▸ Task to carry out:
Once "實(shí)施新一輪分布式光" turns up in a line below, reproduce that line and those after it exactly, stopping after the line with "Unisex Softball Jersey"; leave pictures out.

▸ Supplied material:
[Start of section]
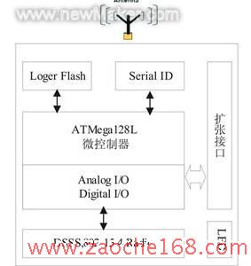 典型的終端節(jié)點(diǎn)和匯聚節(jié)點(diǎn)設(shè)計(jì)如圖4所示,采用Atmel的8位RISC結(jié)構(gòu)低功耗ATMegal1281VMCU作為系統(tǒng)控制核心。采用512KB的AT45DB041D作為外部程序存儲(chǔ)器。射頻模塊使用Atmel的支持ZigBee協(xié)議的AT86RF230,RF功率達(dá)到3dBm,室外傳輸距離可達(dá)300米以上節(jié)點(diǎn)的擴(kuò)展接口可連接模擬輸入、數(shù)字I/O、I2C、SPI和UART接口,這些擴(kuò)展接口使其易于與傳感器及其它外設(shè)連接,例如外接光度、溫溫度、氣壓、聲、地磁和加速度等傳感器。
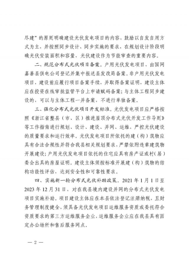 實(shí)施新一輪分布式光伏補(bǔ)助政策。2021年1月1日至2023年12月31日,對(duì)在我縣境內(nèi)建設(shè)并網(wǎng)的分布式光伏發(fā)電項(xiàng)目實(shí)施補(bǔ)助。項(xiàng)目建設(shè)主體應(yīng)在本縣依法登記注冊納稅,且財(cái)務(wù)管理制度健全,須具備光伏發(fā)電項(xiàng)目運(yùn)維服務(wù)資質(zhì)或委托符合資質(zhì)要求的第三方運(yùn)維服務(wù)企業(yè),運(yùn)維服務(wù)企業(yè)應(yīng)在我縣具有固定辦公場所和售后服務(wù)網(wǎng)點(diǎn)。
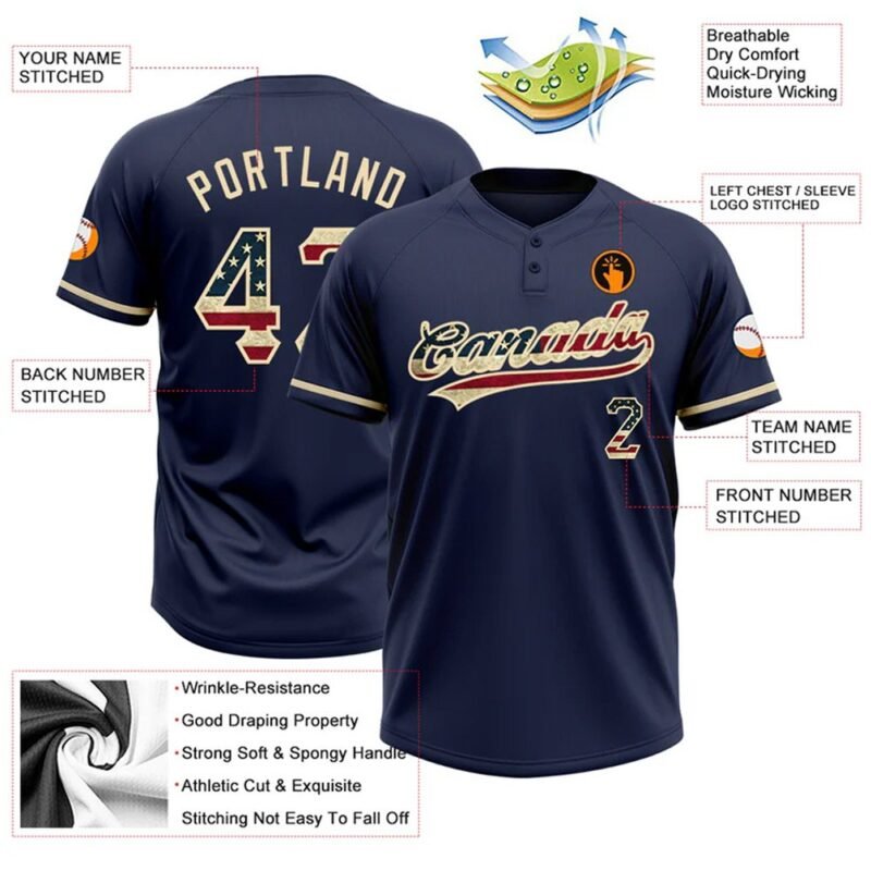 $27.99Custom Navy Vintage USA Flag-City Cream Two-Button Unisex Softball Jersey
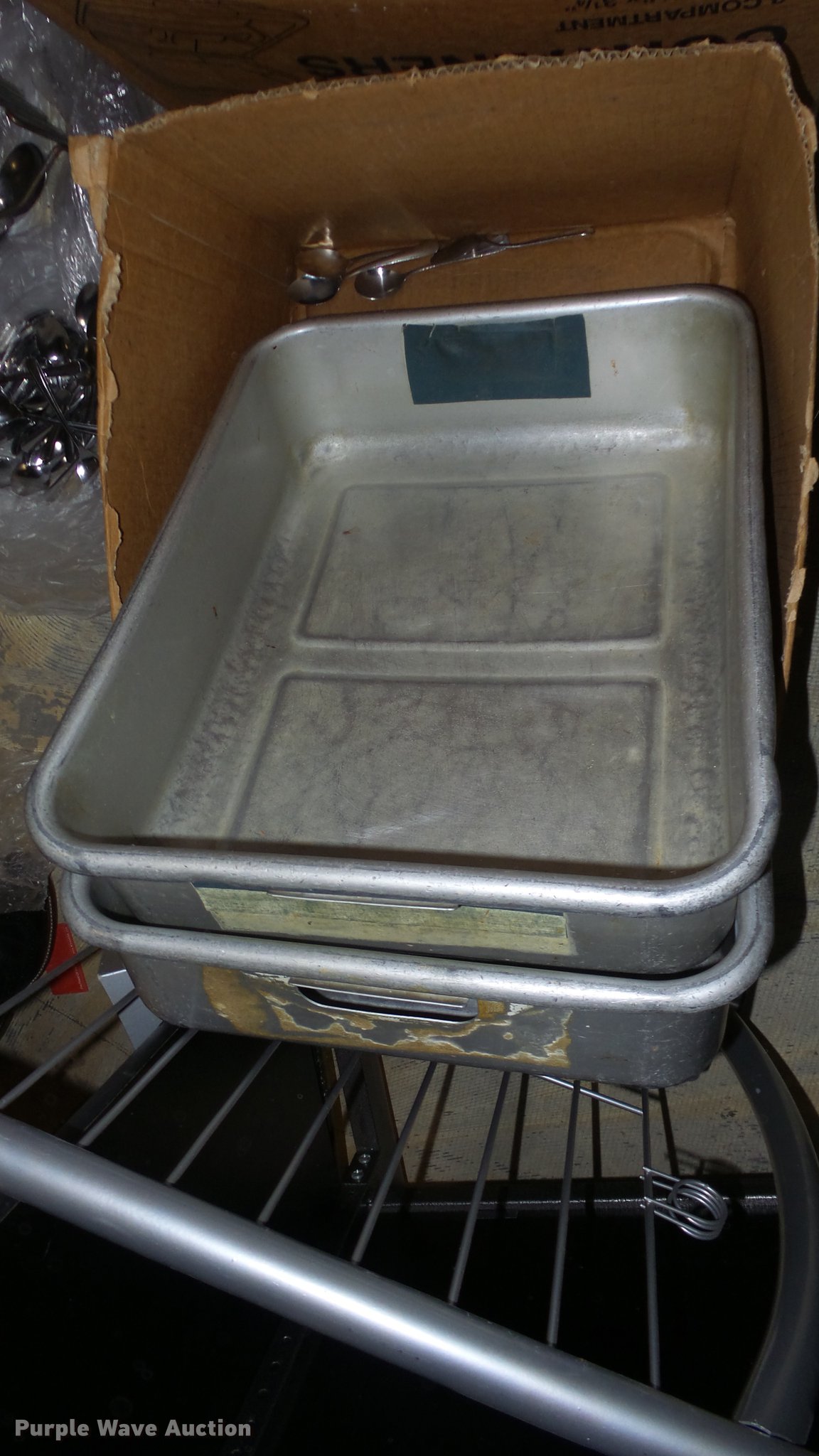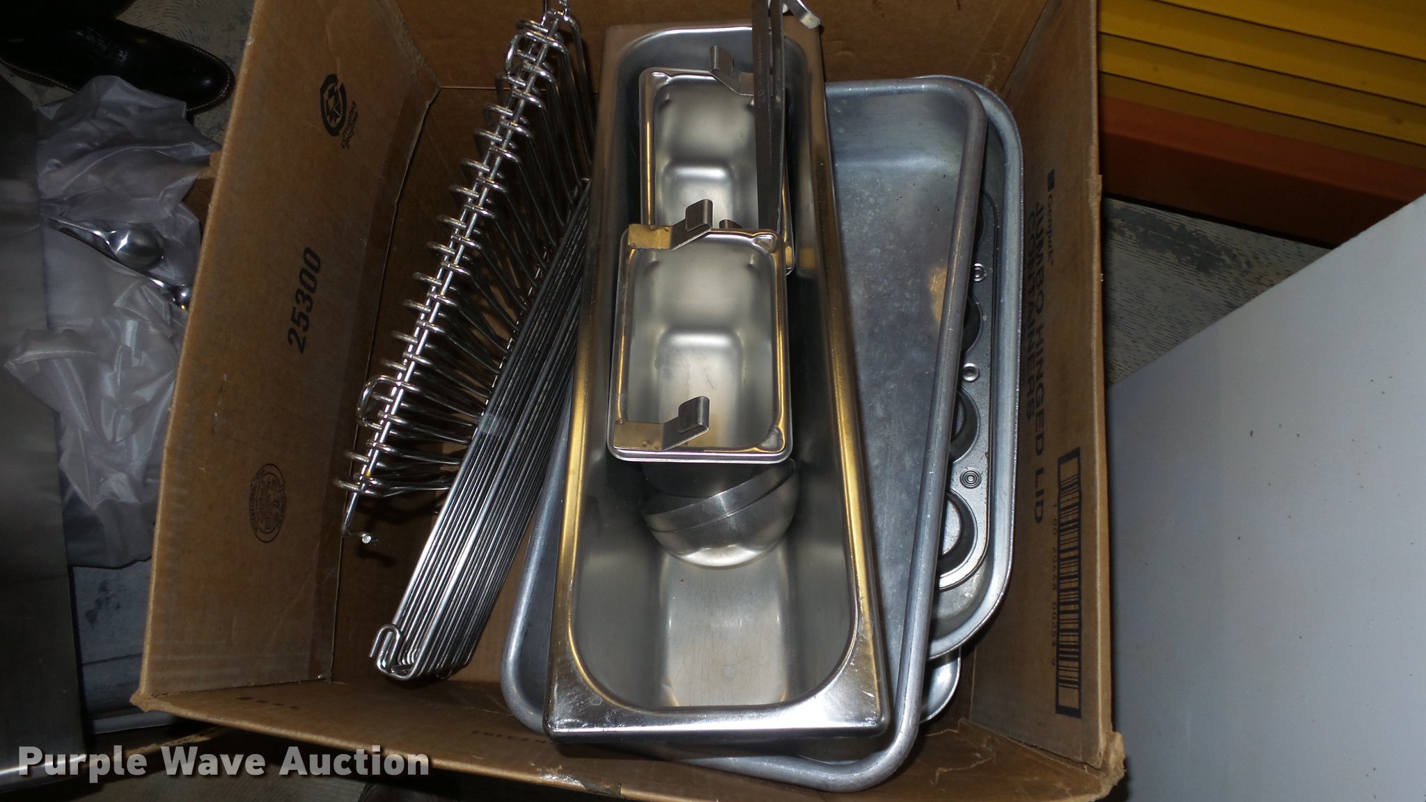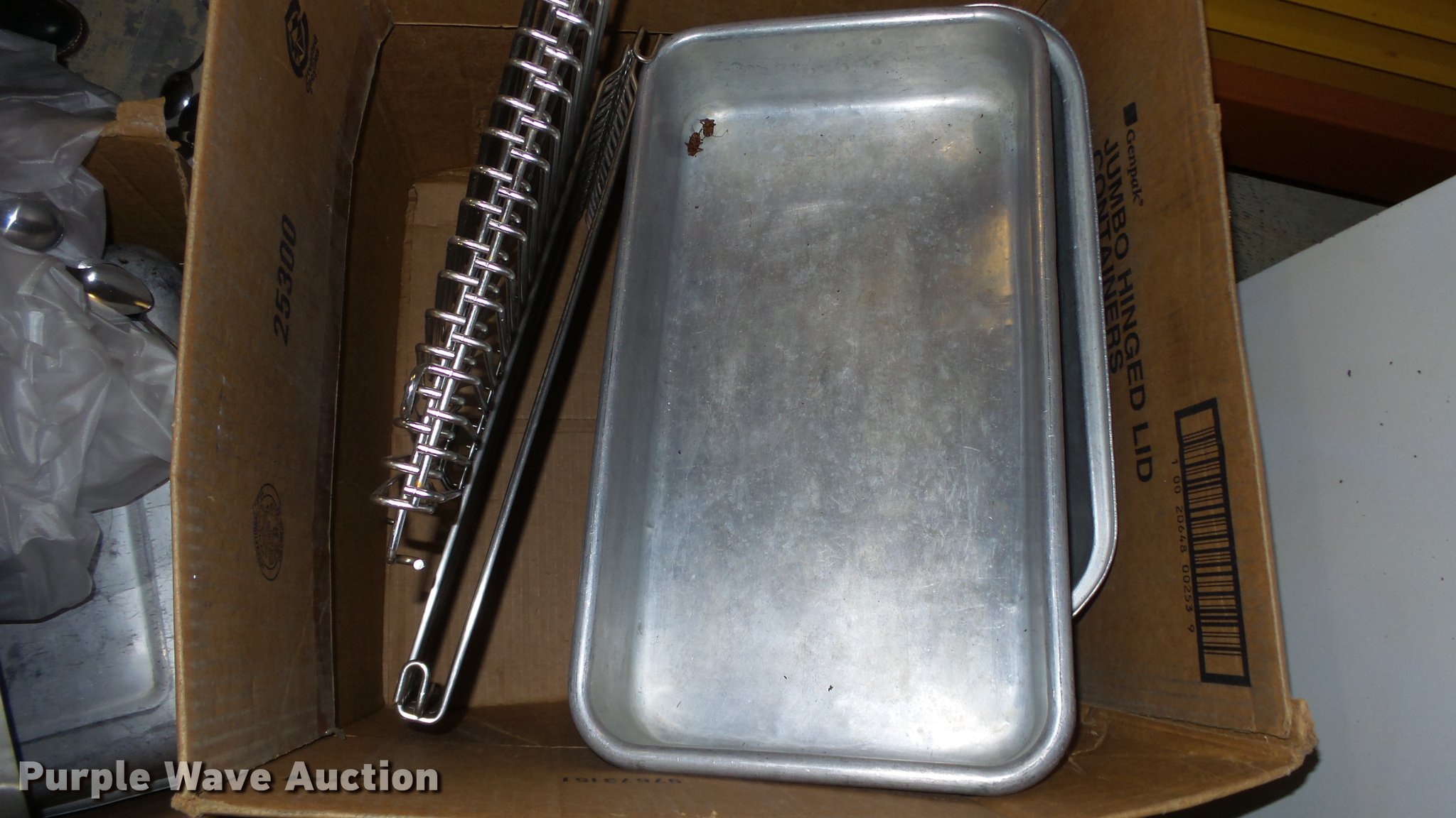 Kitchen equipment. (2) plastic tubs, Plastic dinnerware, Utensil caddies, Metal pans, Metal utensils, APW CW1B cooker, (2) heat lamps, Display racks. USD 262 Valley Center. Valley Center, KS 67147
[End of section]
▸ Task answer:
 實(shí)施新一輪分布式光伏補(bǔ)助政策。2021年1月1日至2023年12月31日,對(duì)在我縣境內(nèi)建設(shè)并網(wǎng)的分布式光伏發(fā)電項(xiàng)目實(shí)施補(bǔ)助。項(xiàng)目建設(shè)主體應(yīng)在本縣依法登記注冊納稅,且財(cái)務(wù)管理制度健全,須具備光伏發(fā)電項(xiàng)目運(yùn)維服務(wù)資質(zhì)或委托符合資質(zhì)要求的第三方運(yùn)維服務(wù)企業(yè),運(yùn)維服務(wù)企業(yè)應(yīng)在我縣具有固定辦公場所和售后服務(wù)網(wǎng)點(diǎn)。
 $27.99Custom Navy Vintage USA Flag-City Cream Two-Button Unisex Softball Jersey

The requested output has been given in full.